Ancient UNIX; was Re: [Gllug] loadavg

Ian Northeast ian at house-from-hell.demon.co.uk
Thu Jan 27 00:00:20 UTC 2005


Nix wrote:
> On Tue, 25 Jan 2005, Ian Northeast said:
> [snip fascinating wonderful weird tale]
> 
>>Anyone else here ever seen UNIX function with no IP stack? I did, last
>>year.
> 
> 
> Hasn't everyone?
> 
> In my case it was an SGI Indigo (not Indy) back in 1992 or thereabouts:
> the local hardware deity had been cleaning the (hideously filled with
> metallic dust) inside with a tiny custom-modified vacuum cleaner, when
> a capacitor or something on the NIC snapped off and went zooming up
> the pipe.
> 
> But the machine was still needed, so while the hardware deity replaced
> the capacitor and modified the vacuum cleaner to blow, not suck, said
> Indigo was running with no NIC, and I was *trying* to develop on it.
> 
> It was remarkably difficult, not least because the only name it could
> resolve was `localhost'. (Whoops.)

No, I meant no IP stack.
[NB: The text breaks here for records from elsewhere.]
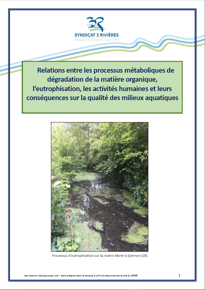 Relations entre les processus métaboliques de dégradation de la matière organique, l'eutrophisation, les activités humaines et leurs conséquences sur la qualité des milieux aquatiques
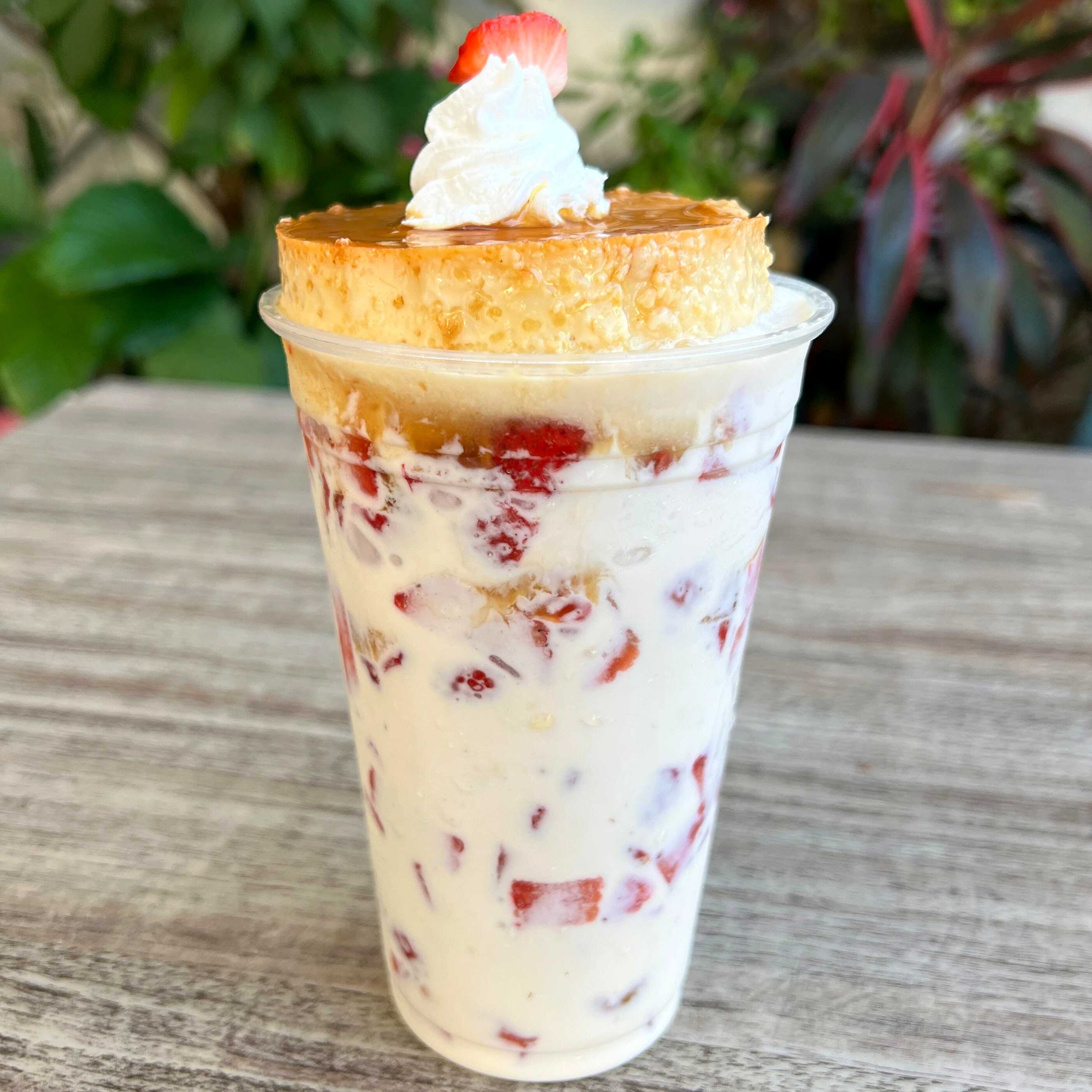 Hecho con base polvo sabor flan napolitano. Decorado con chantilly, jarabe de caramelo y mini flan casero. Incluye: barquilla de chocolate y 1 popote.
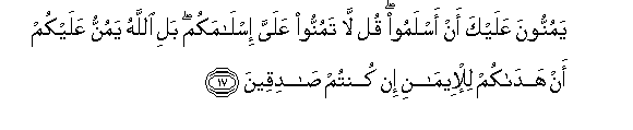 17. Yamunnoona AAalayka an aslamoo qul la tamunnoo AAalayya islamakum bali Allahu yamunnu AAalaykum an hadakum lil-eemani in kuntum sadiqeena
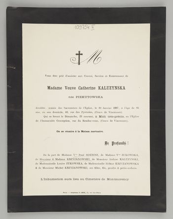 Zawiadomienie o pogrzebie na cmentarzu Montmorency.
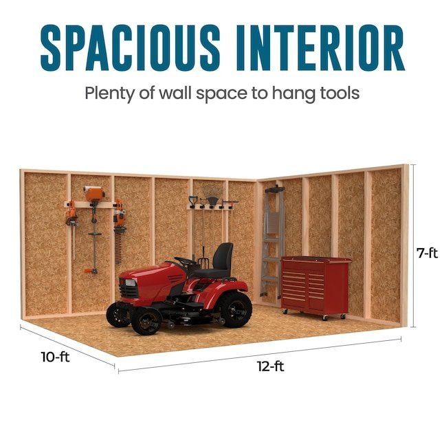 7 ft tall sidewall height provides convenient vertical storage for rakes, shovels, ladders and more
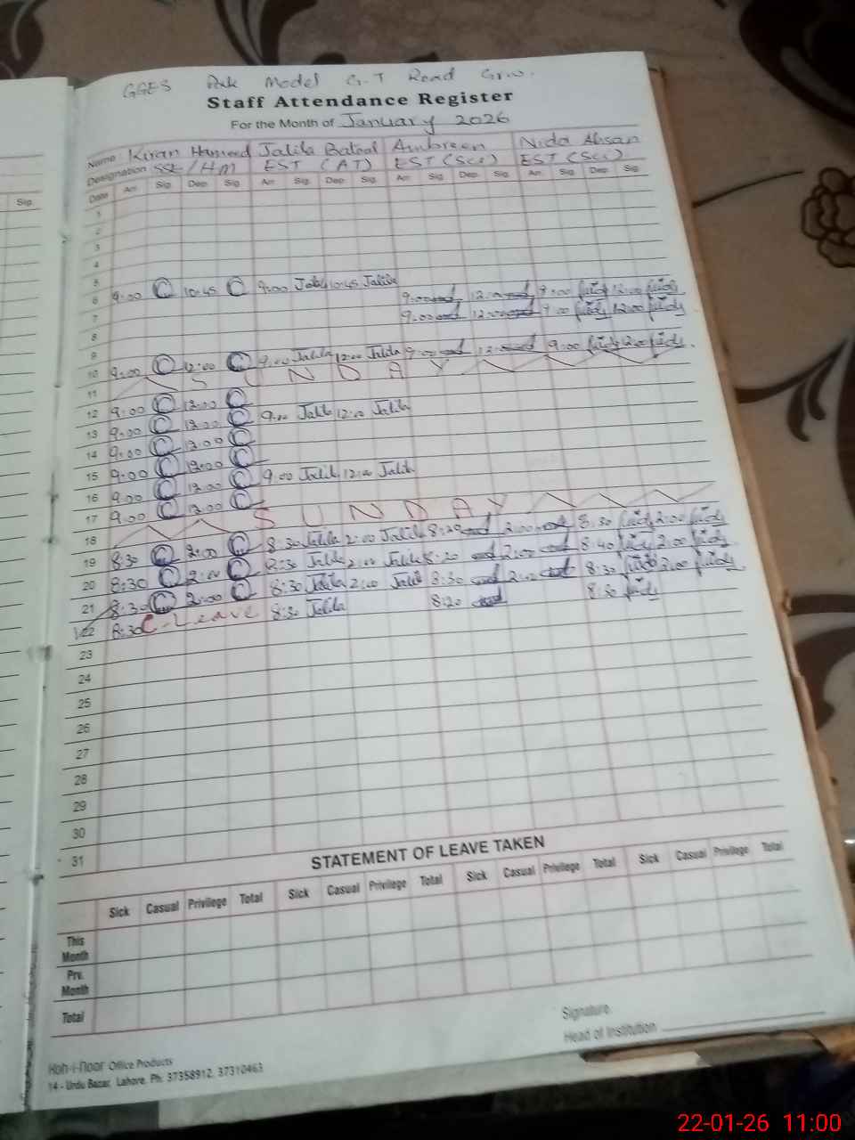| CNIC | Full Name | Designation | R/C | Absence During Last Calender Month |
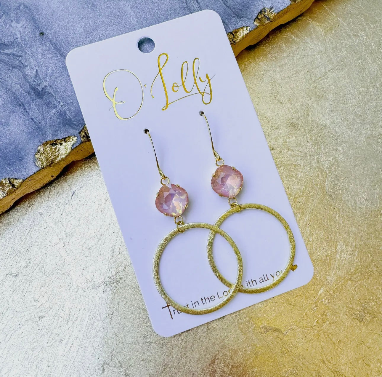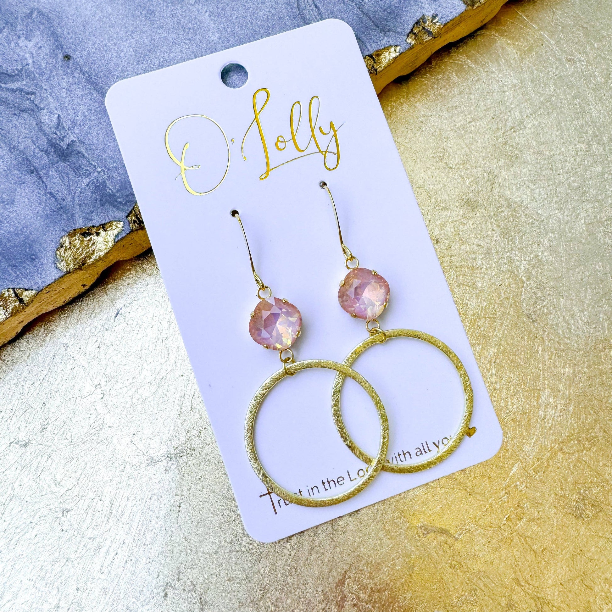 Pink colored crystal stone with gold textured hoop. Approximately 2.5” long.
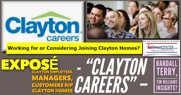 The report linked below quotes numbers of Clayton Homes employees and several managers, about their actual experience working for Clayton. For balance, there are quotes from those who worked at Clayton who have good things to say about the firm. Then there are quotes from those that claim, among other points, that working for Clayton was one of their worst decisions. Some praise Clayton’s work-life balance, while others say that Clayton is manipulative of both customers and employees.

Not no interfaces. Loopback didn't exist 
either. It denied the existence of IP: "protocol not supported". In UTS 
the IP stack is not truly in the kernel, it is built by a script shortly 
after IPL (boot). There are a number of daemons to support it. When the 
ethernet "cards" it wanted weren't available, the whole lot went tits 
up. All the daemons failed to start. No IP. Not at all.

It was only possible to "use" this system because it has excellent SNA 
support. This is why I know the above. I had to log in to a convenient 
zOS (MVS) machine which does both IP and SNA and hop across via SNA.

I did mention that this thing is weird didn't I?